- [Dataset content]:
--------

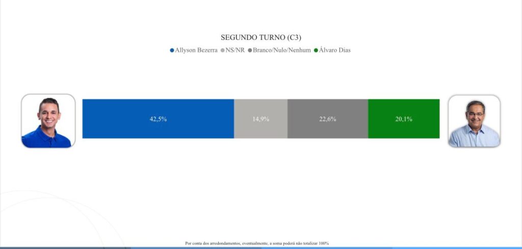 No cenário 03 de segundo turno, Allyson Bezerra tem 42,5%. Branco/nulo/nenhum tem 22,6%. Álvaro Dias tem 20,1%. Não sabe/não respondeu 14,9%.
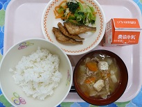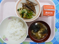 今日は、カルシウム補給に豆あじ唐揚げを出しました
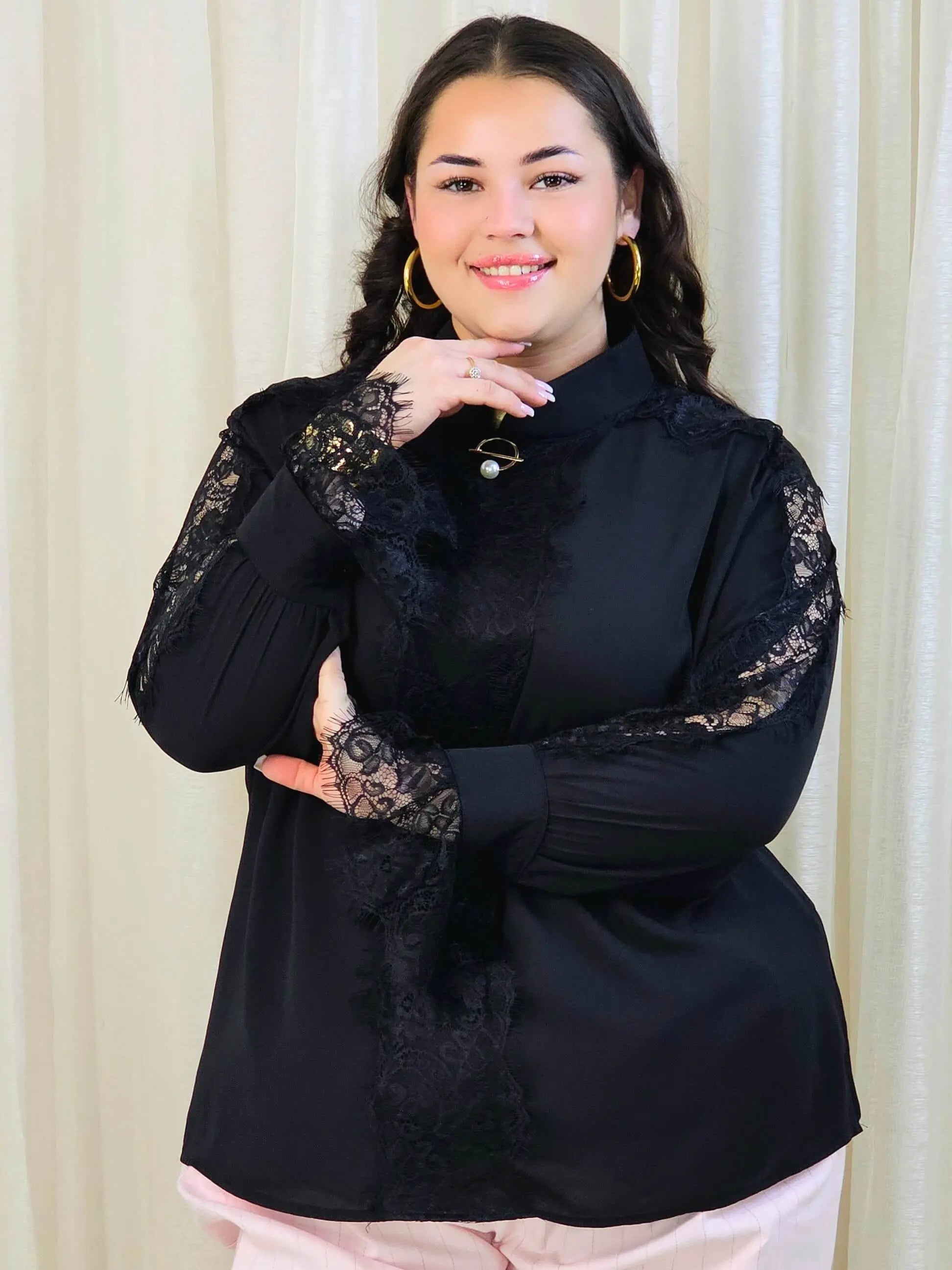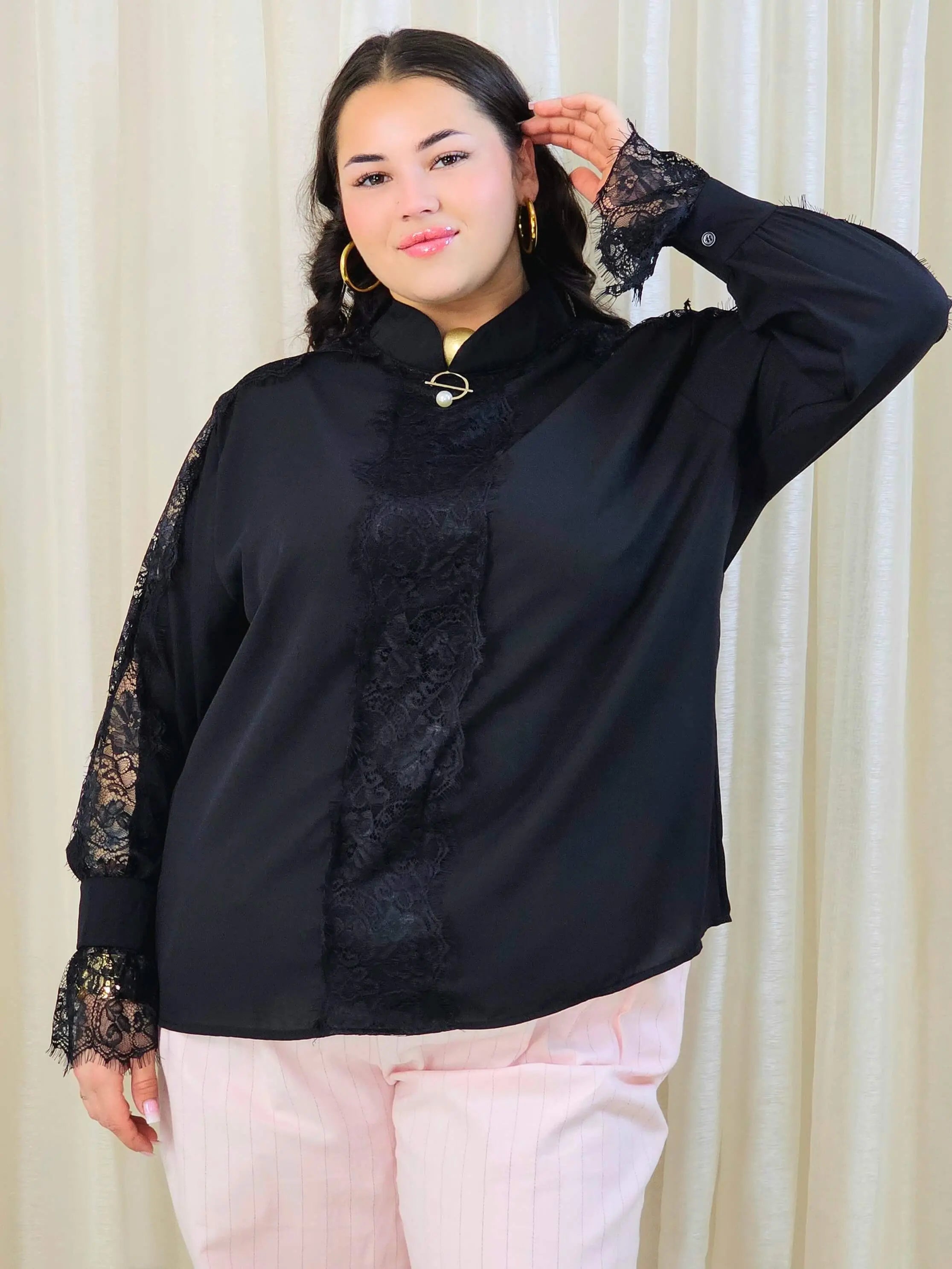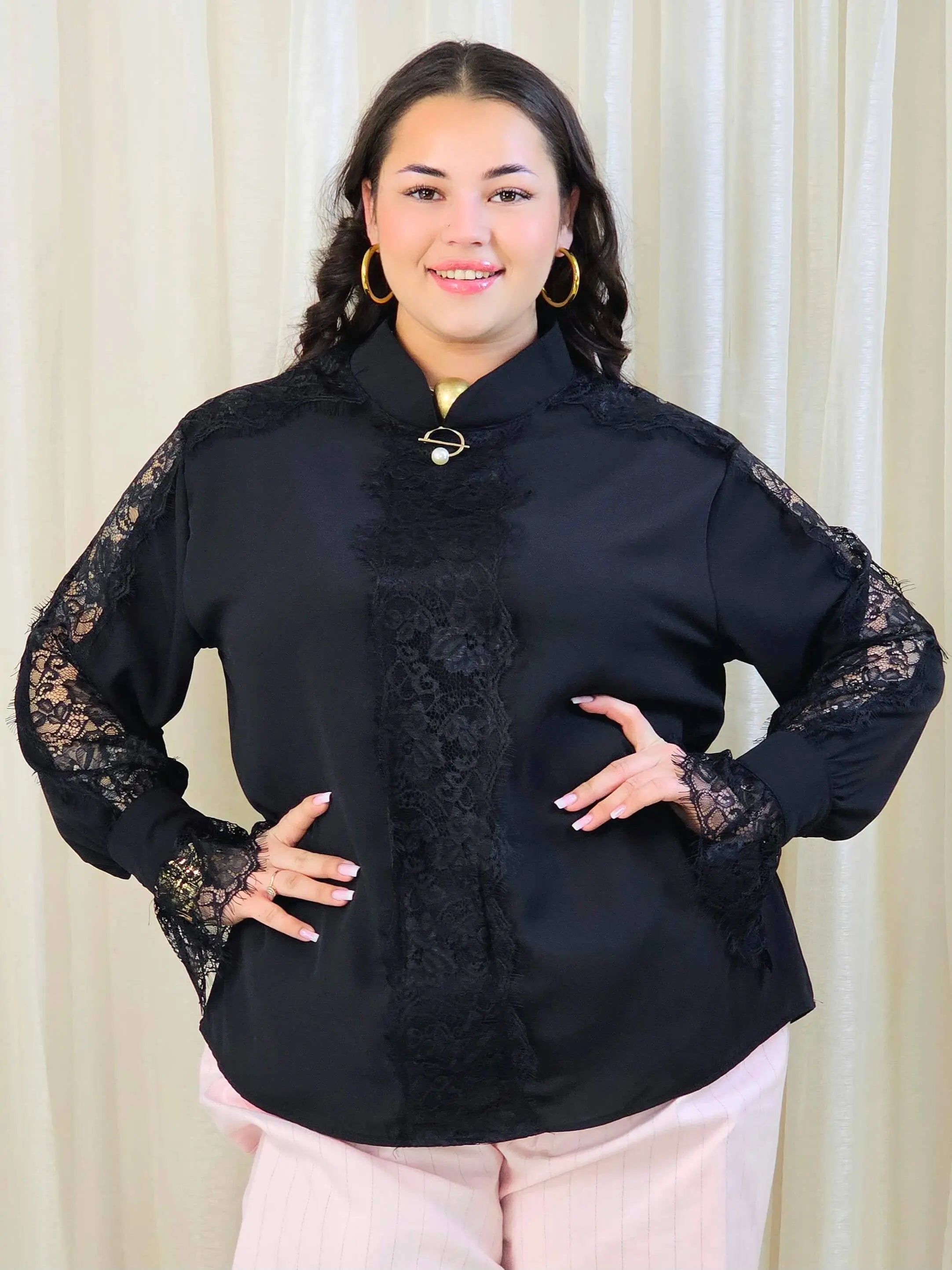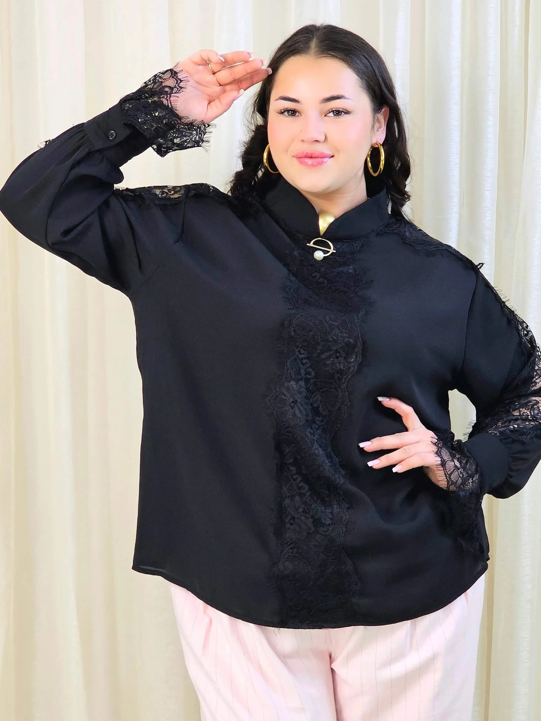 Bluzka plus size z koronką i ozdobnym zapięciem – elegancja i komfort
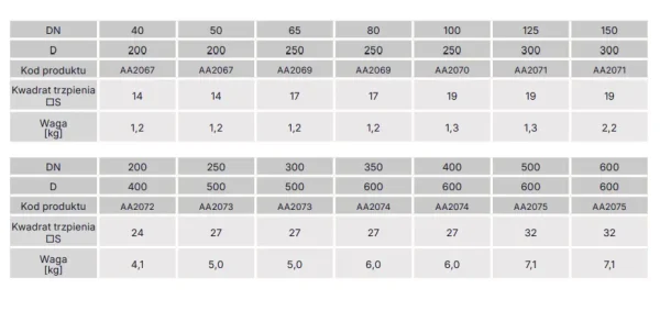 | DN | 40-50, 65-80, 100, 125-150, 200, 250-300, 350-400, 500-600 |

--------

- [What you are asked to do]: Once the pictures are set aside, repeat the remaining data word for word.

- [Task response]:
 No cenário 03 de segundo turno, Allyson Bezerra tem 42,5%. Branco/nulo/nenhum tem 22,6%. Álvaro Dias tem 20,1%. Não sabe/não respondeu 14,9%.
 今日は、カルシウム補給に豆あじ唐揚げを出しました
 Bluzka plus size z koronką i ozdobnym zapięciem – elegancja i komfort
 | DN | 40-50, 65-80, 100, 125-150, 200, 250-300, 350-400, 500-600 |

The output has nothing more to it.